投資環境の変化に一喜一憂せず「負けにくい投資」をテーマにしているトレンド・アロケーション・オープン。
基準価額の過去1年の高値からの下落率を15%以内に収まるように運用するということで、リスクを取りたくない投資家から非常に注目を集めています。
トレンド・アロケーション・オープンは、株式、債券、リート、コモディティと幅広く分散することでリスクを抑える戦略ですが、果たして運用はうまく行っているのでしょうか?
今日は、トレンド・アロケーション・オープンについて徹底的に分析していきます。
「トレンド・アロケーション・オープンって投資対象としてどうなの?」
「トレンド・アロケーション・オープンって持ってて大丈夫なの?」
「トレンド・アロケーション・オープンより良いファンドってある?」
といったことでお悩みの方は、この記事を最後まで読めば、悩みは解消すると思います。
トレンド・アロケーション・オープンの基本情報
投資対象は?
トレンド・アロケーション・オープンは、アリアンツ・グローバル・インベスターズが運用する「ダイナミック・マルチアセット・プラス・ファンド(JPY)(通称:DMAPF)」に投資を行います。

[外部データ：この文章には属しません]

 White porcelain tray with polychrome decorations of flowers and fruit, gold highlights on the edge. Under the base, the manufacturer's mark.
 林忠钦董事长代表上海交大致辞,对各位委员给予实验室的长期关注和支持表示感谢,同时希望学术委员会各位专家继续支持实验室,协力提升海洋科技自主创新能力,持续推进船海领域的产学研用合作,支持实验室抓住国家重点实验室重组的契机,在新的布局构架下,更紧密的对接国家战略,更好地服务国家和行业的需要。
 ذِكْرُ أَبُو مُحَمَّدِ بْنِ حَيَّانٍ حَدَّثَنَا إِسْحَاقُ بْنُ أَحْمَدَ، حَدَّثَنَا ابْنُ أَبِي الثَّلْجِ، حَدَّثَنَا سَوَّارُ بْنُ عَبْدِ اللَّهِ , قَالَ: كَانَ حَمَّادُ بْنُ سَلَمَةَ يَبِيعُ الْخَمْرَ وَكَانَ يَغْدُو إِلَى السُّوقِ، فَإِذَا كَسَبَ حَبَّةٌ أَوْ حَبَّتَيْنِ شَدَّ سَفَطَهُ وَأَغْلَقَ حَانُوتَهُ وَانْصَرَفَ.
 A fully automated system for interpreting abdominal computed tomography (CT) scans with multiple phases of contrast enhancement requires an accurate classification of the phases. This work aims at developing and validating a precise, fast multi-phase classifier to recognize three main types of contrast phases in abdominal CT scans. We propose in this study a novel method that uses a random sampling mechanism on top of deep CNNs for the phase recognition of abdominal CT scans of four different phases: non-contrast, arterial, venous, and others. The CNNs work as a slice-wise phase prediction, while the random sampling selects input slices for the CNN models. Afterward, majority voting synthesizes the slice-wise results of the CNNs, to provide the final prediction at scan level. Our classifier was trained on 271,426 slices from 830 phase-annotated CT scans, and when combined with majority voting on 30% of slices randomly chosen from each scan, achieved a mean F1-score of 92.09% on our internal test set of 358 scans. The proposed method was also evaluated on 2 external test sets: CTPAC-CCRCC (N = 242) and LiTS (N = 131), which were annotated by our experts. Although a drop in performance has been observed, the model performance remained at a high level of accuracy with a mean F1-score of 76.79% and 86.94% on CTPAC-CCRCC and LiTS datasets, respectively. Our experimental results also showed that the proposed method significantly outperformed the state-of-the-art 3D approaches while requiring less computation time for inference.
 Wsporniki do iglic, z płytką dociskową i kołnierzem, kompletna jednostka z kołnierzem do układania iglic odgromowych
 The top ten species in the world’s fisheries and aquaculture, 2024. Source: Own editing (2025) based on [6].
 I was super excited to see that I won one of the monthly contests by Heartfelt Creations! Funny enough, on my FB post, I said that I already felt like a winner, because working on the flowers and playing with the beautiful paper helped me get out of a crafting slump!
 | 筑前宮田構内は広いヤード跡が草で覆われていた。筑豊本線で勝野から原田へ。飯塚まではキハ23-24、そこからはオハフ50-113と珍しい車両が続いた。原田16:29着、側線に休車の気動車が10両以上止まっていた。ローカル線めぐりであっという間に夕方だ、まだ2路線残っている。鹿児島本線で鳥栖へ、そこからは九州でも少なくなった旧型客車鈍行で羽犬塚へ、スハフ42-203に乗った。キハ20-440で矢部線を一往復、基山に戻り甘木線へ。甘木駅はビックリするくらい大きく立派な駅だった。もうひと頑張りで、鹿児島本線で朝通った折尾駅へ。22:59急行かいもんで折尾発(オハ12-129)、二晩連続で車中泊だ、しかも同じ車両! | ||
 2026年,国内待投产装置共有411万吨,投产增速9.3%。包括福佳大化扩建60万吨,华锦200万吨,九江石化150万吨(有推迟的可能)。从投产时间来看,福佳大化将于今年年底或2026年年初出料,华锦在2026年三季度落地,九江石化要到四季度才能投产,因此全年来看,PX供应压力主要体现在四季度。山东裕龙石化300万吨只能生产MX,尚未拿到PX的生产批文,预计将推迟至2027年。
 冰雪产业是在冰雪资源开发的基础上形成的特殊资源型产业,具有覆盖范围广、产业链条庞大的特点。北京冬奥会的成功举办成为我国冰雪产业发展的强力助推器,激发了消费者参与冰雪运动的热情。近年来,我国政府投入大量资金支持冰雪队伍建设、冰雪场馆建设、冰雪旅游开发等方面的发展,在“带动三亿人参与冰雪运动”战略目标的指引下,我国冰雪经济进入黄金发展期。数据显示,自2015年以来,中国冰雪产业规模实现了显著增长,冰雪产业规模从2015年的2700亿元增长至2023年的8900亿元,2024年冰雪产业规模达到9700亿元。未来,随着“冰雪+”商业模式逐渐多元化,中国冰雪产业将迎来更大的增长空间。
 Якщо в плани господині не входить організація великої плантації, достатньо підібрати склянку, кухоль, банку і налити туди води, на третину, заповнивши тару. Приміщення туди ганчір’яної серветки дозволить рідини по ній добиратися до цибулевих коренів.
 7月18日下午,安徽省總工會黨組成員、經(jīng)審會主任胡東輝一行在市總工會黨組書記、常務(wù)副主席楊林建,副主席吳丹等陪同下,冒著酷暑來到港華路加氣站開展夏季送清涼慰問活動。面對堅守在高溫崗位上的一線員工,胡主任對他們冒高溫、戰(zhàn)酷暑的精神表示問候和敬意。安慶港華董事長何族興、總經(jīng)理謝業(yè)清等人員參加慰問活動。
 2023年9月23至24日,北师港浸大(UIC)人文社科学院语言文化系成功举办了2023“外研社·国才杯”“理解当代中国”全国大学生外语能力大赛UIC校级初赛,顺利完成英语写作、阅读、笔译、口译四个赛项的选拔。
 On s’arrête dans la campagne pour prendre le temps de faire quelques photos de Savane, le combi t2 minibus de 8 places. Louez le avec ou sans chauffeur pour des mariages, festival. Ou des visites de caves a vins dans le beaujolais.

DMAPFでは、先進国の国債に投資を行うとともに、世界各国のETF等を利用することで、世界各国の株式・債券・リート等の幅広い資産へ、実質的に投資します。また、組入比率の調整のために先物と取引も行います。
よくも悪くも何にでも投資をするファンドと思っておけばいいでしょう。
※引用:交付目論見書
またダイナミック・マルチアセット・プラス戦略という仰々しい名前の戦略で運用していますが、実際大したことはやっていないので、騙されないでください。
あえて挙げるとすれば、下落リスクへの対応ということで、過去1年間の高値から下落率が15%以内に収まるように運用するという点でしょうか。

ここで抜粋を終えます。